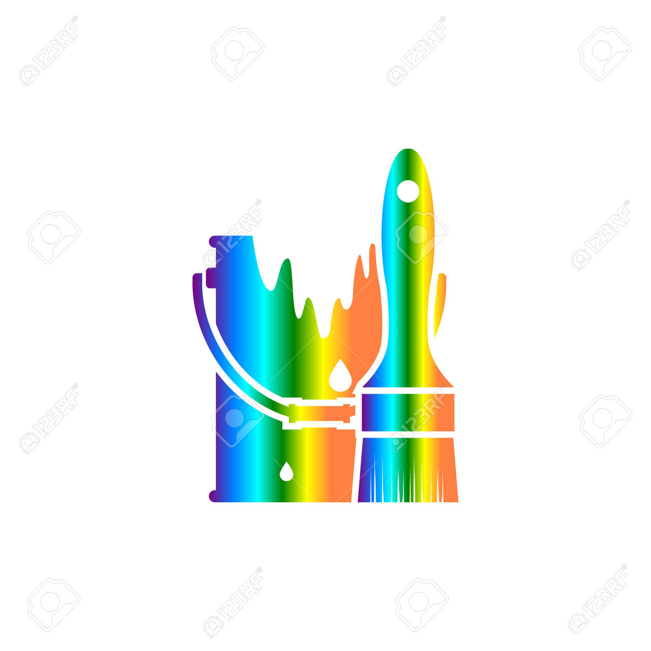 Peinture Concept, Pinceau Et Un Pot De Peinture. Modèle De Logo. Restauration, Décoration, Peinture Fonctionne. Couleurs De Ciel. Vector Illustration Design Plat. Clip Art Libres De Droits , Vecteurs Et Illustration. Image 66621095.
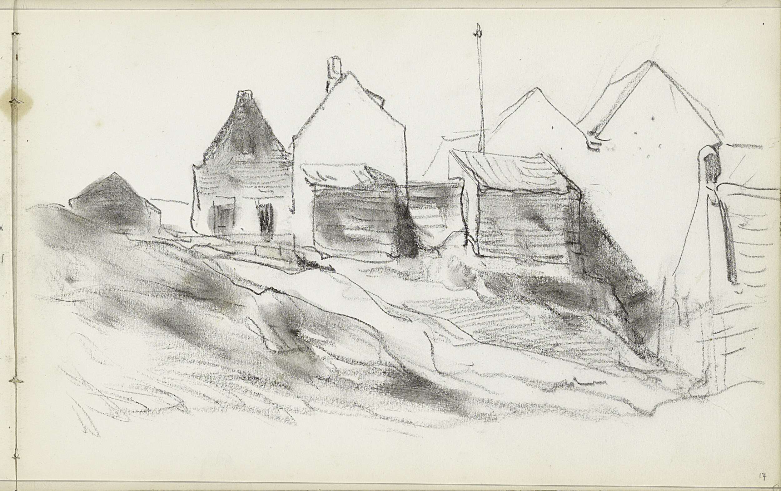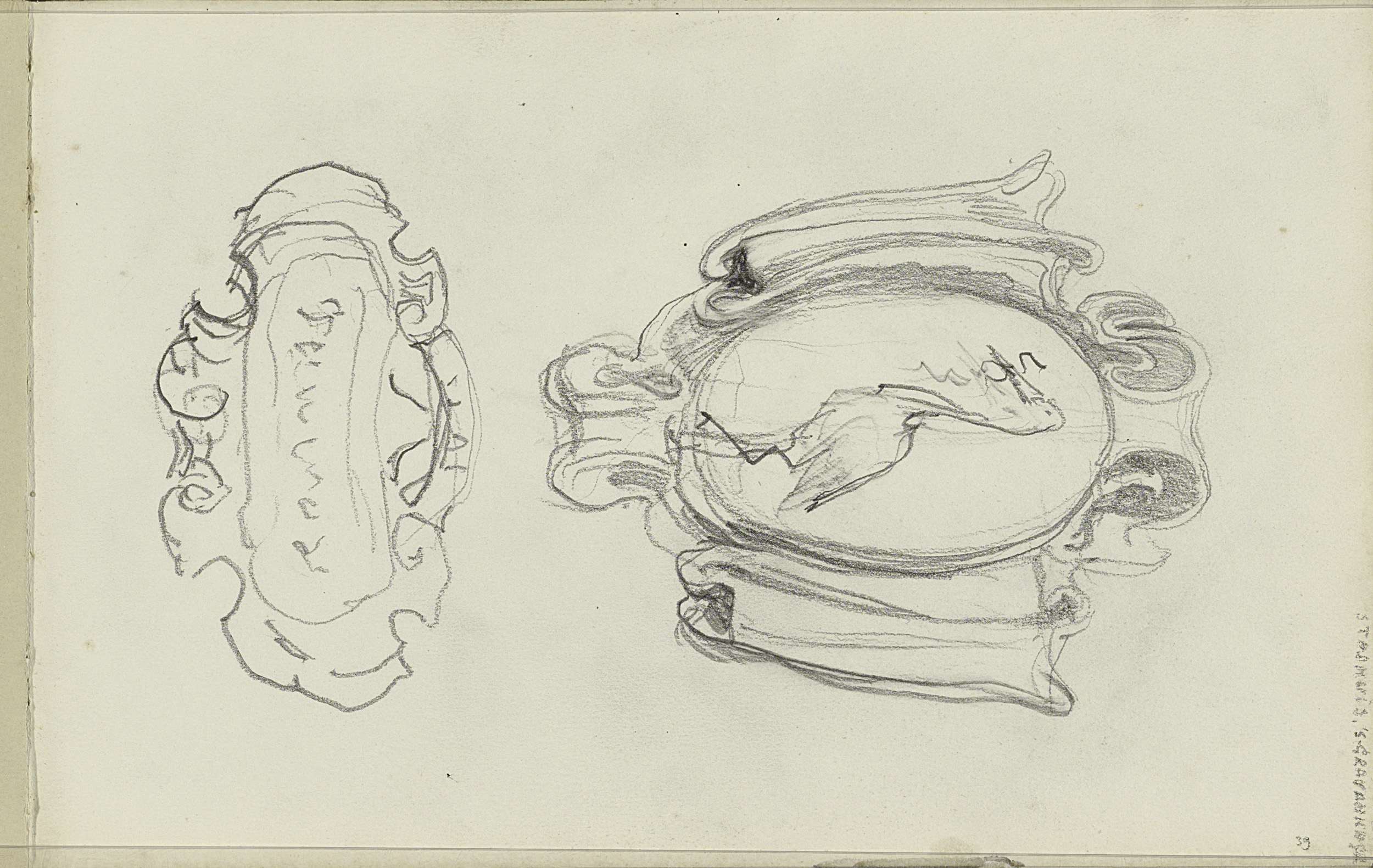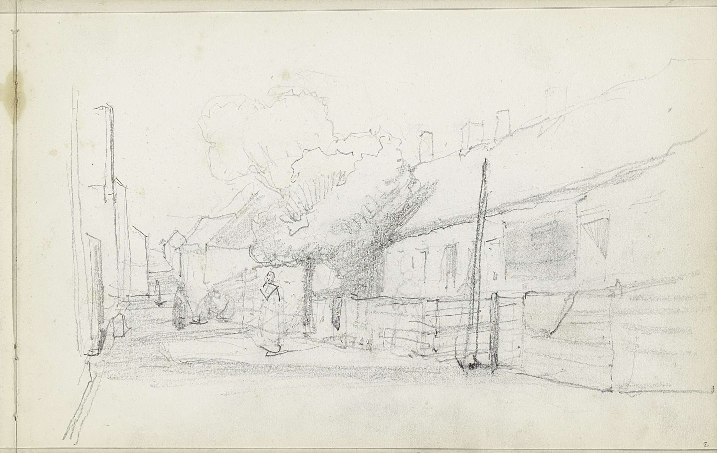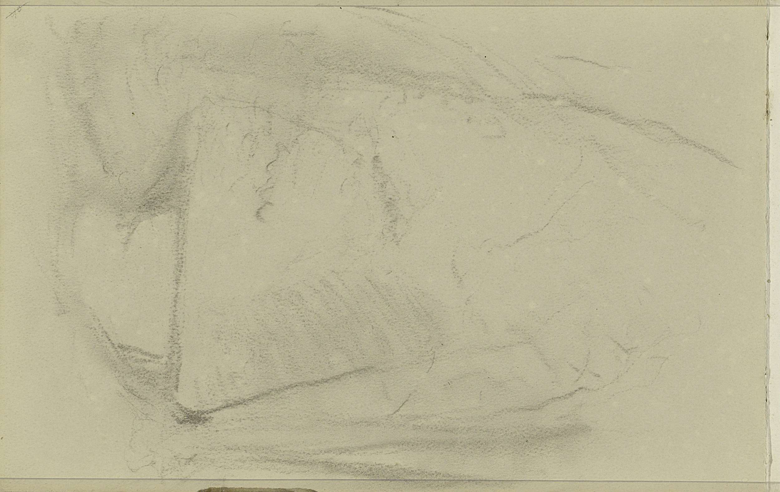 Studieblad, onder andere met een kachel een figuurst...
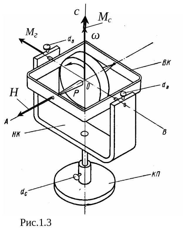 В свою очередь, кольцо ВК устанавливалось в наружном кольце НК подвеса с помощью двух опор, расположенных по оси ОВ. Благодаря такой схеме обеспечивается свобода вращения ротора Р вместе с кольцом ВК в наружном кольце НК вокруг внутренней оси подвеса 0В. Наконец, наружное карданово кольцо НК, также с помощью двух опор, расположенных по оси ОС, устанавливалось на основании КП прибора, обеспечивая свободу вращения ротора Р вместе с обоими кардановыми кольцами ВК и НК вокруг наружной оси подвеса ОС. Таким образом, указанный подвес обеспечивает ротору три вращательных степени свободы, в результате чего такой гироскоп называют трехстепенным.
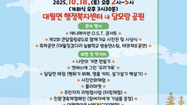 이천시 대월면 주민자치회(회장 정재문)는 오는 10월 18일(토) 오후 2시부터 5시까지 대월면 행정복지센터 내 달모람공원에서 주민과 가족이 함께하는 문화축제 ‘가을에, 대월애(愛)’ 행사를 개최한다. 5. 대월면 가족과 함께하는 피크닉 가을에 대월애 행사 개최&nb…
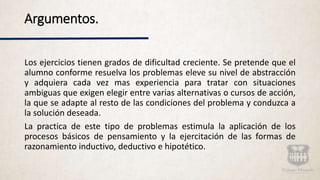Este documento presenta información sobre tablas de valores conceptuales y su uso para resolver problemas. Explica que las tablas pueden incluir variables con valores numéricos o conceptuales como nombres, hechos o características. Los ejercicios propuestos aumentan en dificultad para desarrollar habilidades de abstracción y razonamiento inductivo, deductivo e hipotético. Se incluyen ejemplos de problemas y su resolución usando tablas, con el objetivo de que los estudiantes aprendan a identificar y corregir errores.
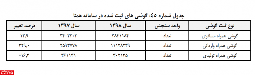 همچنین واردات گوشی همراه در سال گذشته بیش از چهار برابر شده، به طوریکه در سال 1397 و 1398 به ترتیب حدود دو میلیون و ۵۹۴ هزار و ۱۱ میلیون و ۱۲۸ هزار گوشی همراه وارداتی در سامانه همتا ثبت شده که حاکی از افزایش ۳۲۹ درصدی ثبت گوشی همراه وارداتی است.
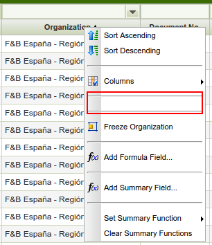 | Steps To Reproduce | 1) Go to the [Sales Invoice] window 2) Remove the implicit filter (by clicking on the funnel icon) and group the grid by organization (right click on the Organization Column > Group by Organization) 3) Save the view as Group1 4) Switch to the standard view. Remove the implicit filters 5) Group the grid by organization and save the view as Group2 6) Close the window and open it again 7) Switch to the standard view. Remove the implicit filters 8) Switch to the Group 1 view. All is correct. 9) Switch to the Group 2 view. Notice that the grouping has disappeared. a) Right click on the organization column. Notice that the ungroup option is still available. The following message appears after ungrouping: "There are more than 1000 records, grouping is disabled for larger datasets", but the current number of records is lower than 1000. b) Right click again. Is not possible to group by organization because the option is missing (see attached) | ||||||||||

= = =

_Requirement_: Output the entries verbatim, skipping images.

_Answer section_:
 Peinture Concept, Pinceau Et Un Pot De Peinture. Modèle De Logo. Restauration, Décoration, Peinture Fonctionne. Couleurs De Ciel. Vector Illustration Design Plat. Clip Art Libres De Droits , Vecteurs Et Illustration. Image 66621095.
 Studieblad, onder andere met een kachel een figuurst...
 В свою очередь, кольцо ВК устанавливалось в наружном кольце НК подвеса с помощью двух опор, расположенных по оси ОВ. Благодаря такой схеме обеспечивается свобода вращения ротора Р вместе с кольцом ВК в наружном кольце НК вокруг внутренней оси подвеса 0В. Наконец, наружное карданово кольцо НК, также с помощью двух опор, расположенных по оси ОС, устанавливалось на основании КП прибора, обеспечивая свободу вращения ротора Р вместе с обоими кардановыми кольцами ВК и НК вокруг наружной оси подвеса ОС. Таким образом, указанный подвес обеспечивает ротору три вращательных степени свободы, в результате чего такой гироскоп называют трехстепенным.
 이천시 대월면 주민자치회(회장 정재문)는 오는 10월 18일(토) 오후 2시부터 5시까지 대월면 행정복지센터 내 달모람공원에서 주민과 가족이 함께하는 문화축제 ‘가을에, 대월애(愛)’ 행사를 개최한다. 5. 대월면 가족과 함께하는 피크닉 가을에 대월애 행사 개최&nb…
Este documento presenta información sobre tablas de valores conceptuales y su uso para resolver problemas. Explica que las tablas pueden incluir variables con valores numéricos o conceptuales como nombres, hechos o características. Los ejercicios propuestos aumentan en dificultad para desarrollar habilidades de abstracción y razonamiento inductivo, deductivo e hipotético. Se incluyen ejemplos de problemas y su resolución usando tablas, con el objetivo de que los estudiantes aprendan a identificar y corregir errores.
 همچنین واردات گوشی همراه در سال گذشته بیش از چهار برابر شده، به طوریکه در سال 1397 و 1398 به ترتیب حدود دو میلیون و ۵۹۴ هزار و ۱۱ میلیون و ۱۲۸ هزار گوشی همراه وارداتی در سامانه همتا ثبت شده که حاکی از افزایش ۳۲۹ درصدی ثبت گوشی همراه وارداتی است.
 | Steps To Reproduce | 1) Go to the [Sales Invoice] window 2) Remove the implicit filter (by clicking on the funnel icon) and group the grid by organization (right click on the Organization Column > Group by Organization) 3) Save the view as Group1 4) Switch to the standard view. Remove the implicit filters 5) Group the grid by organization and save the view as Group2 6) Close the window and open it again 7) Switch to the standard view. Remove the implicit filters 8) Switch to the Group 1 view. All is correct. 9) Switch to the Group 2 view. Notice that the grouping has disappeared. a) Right click on the organization column. Notice that the ungroup option is still available. The following message appears after ungrouping: "There are more than 1000 records, grouping is disabled for larger datasets", but the current number of records is lower than 1000. b) Right click again. Is not possible to group by organization because the option is missing (see attached) | ||||||||||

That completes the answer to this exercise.